However, if there is only the binary program and no source code available, then
standard afl-fuzz -n
(non-instrumented mode) is not effective.
For fast, on-the-fly instrumentation of black-box binaries, AFL++ still offers various support. The following is a description of how these binaries can be fuzzed with AFL++.
TL;DR:
FRIDA mode and QEMU mode in persistent mode are the fastest - if persistent mode is possible and the stability is high enough.
Otherwise, try Zafl, RetroWrite, Dyninst, and if these fail, too, then try
standard FRIDA/QEMU mode with AFL_ENTRYPOINT
to where you need it.
If your target is non-linux, then use unicorn_mode.
Fuzzing binary-only targets with AFL++
QEMU mode
QEMU mode is the "native" solution to the program. It is available in the ./qemu_mode/ directory and, once compiled, it can be accessed by the afl-fuzz -Q command line option. It is the easiest to use alternative and even works for cross-platform binaries.

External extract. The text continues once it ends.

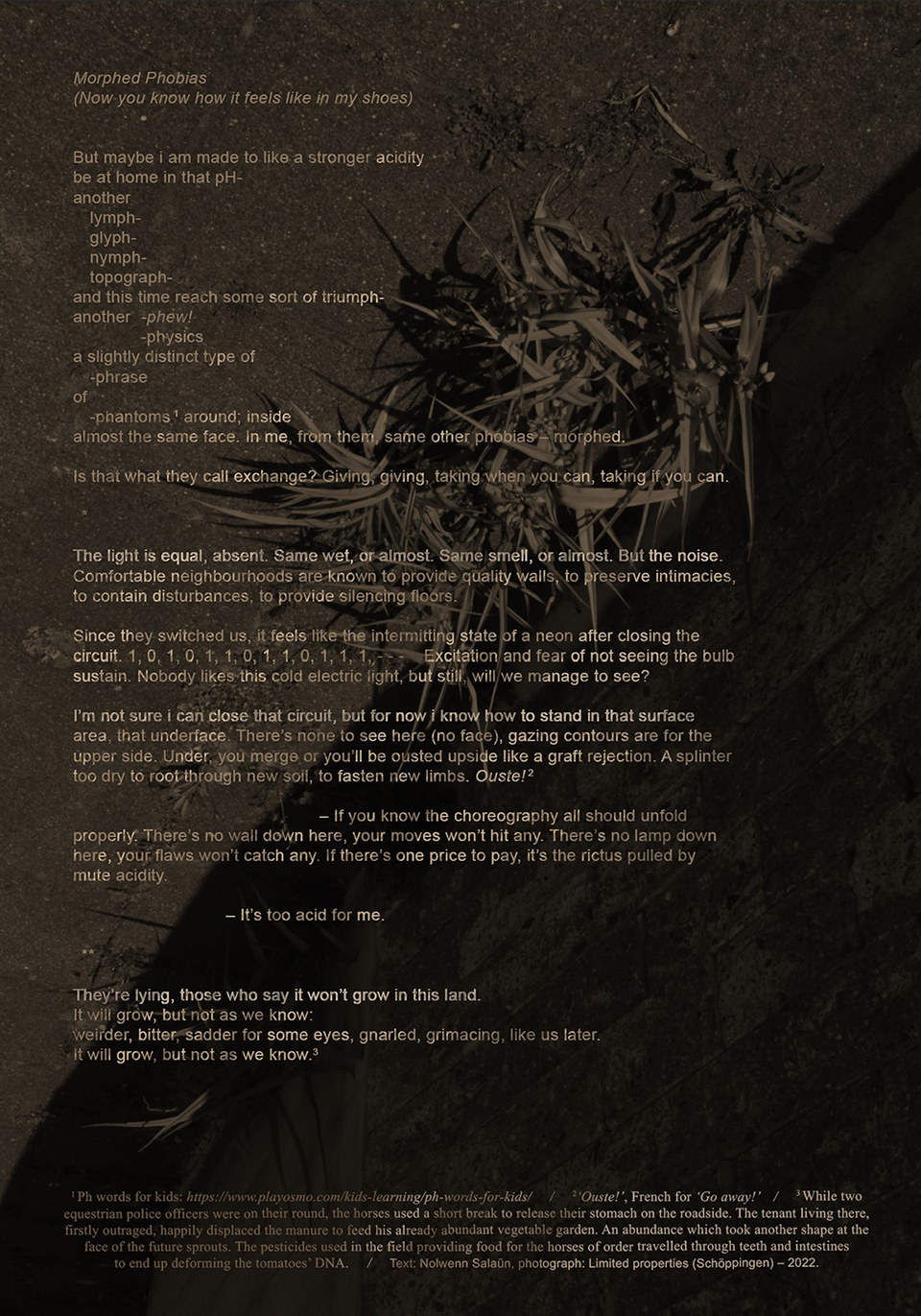 (2022) Text and poster for Hosting Soil, a project by Franziska Goralski, Kitty Maria & Élise Ehry. Their action consisted of inverting 1m3 of land between the surfaces of the 2 most and least expensive neighborhoods on the market in Amsterdam (figures from 2021). Curated by Jules van den Langenberg; supported by Gemente Amsterdam, Theo van Doesburg Foundation and Common’s Network.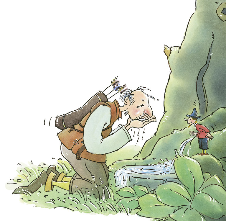 Er fand den Brunnen und trank. Einen Schluck, zwei, drei, vier, fünf … zehn Schlucke. Und mit jedem Schluck flossen neue Kräfte in seinen Körper.

For linux programs and its libraries, this is accomplished with a version of QEMU running in the lesser-known "user space emulation" mode. QEMU is a project separate from AFL++, but you can conveniently build the feature by doing:
cd qemu_mode
./build_qemu_support.sh
The following setup to use QEMU mode is recommended:
- run 1 afl-fuzz -Q instance with CMPLOG (
-c 0
+AFL_COMPCOV_LEVEL=2
) - run 1 afl-fuzz -Q instance with QASAN (
AFL_USE_QASAN=1
) - run 1 afl-fuzz -Q instance with LAF (
AFL_PRELOAD=libcmpcov.so
+AFL_COMPCOV_LEVEL=2
), alternatively you can use FRIDA mode, just switch-Q
with-O
and remove the LAF instance
Then run as many instances as you have cores left with either -Q mode or - even better - use a binary rewriter like Dyninst, RetroWrite, ZAFL, etc. The binary rewriters all have their own advantages and caveats. ZAFL is the best but cannot be used in a business/commercial context.
If a binary rewriter works for your target then you can use afl-fuzz normally and it will have twice the speed compared to QEMU mode (but slower than QEMU persistent mode).
The speed decrease of QEMU mode is at about 50%. However, various options exist to increase the speed:
- using AFL_ENTRYPOINT to move the forkserver entry to a later basic block in the binary (+5-10% speed)
- using persistent mode qemu_mode/README.persistent.md this will result in a 150-300% overall speed increase - so 3-8x the original QEMU mode speed!
- using AFL_CODE_START/AFL_CODE_END to only instrument specific parts
For additional instructions and caveats, see qemu_mode/README.md. If possible, you should use the persistent mode, see qemu_mode/README.persistent.md. The mode is approximately 2-5x slower than compile-time instrumentation, and is less conducive to parallelization.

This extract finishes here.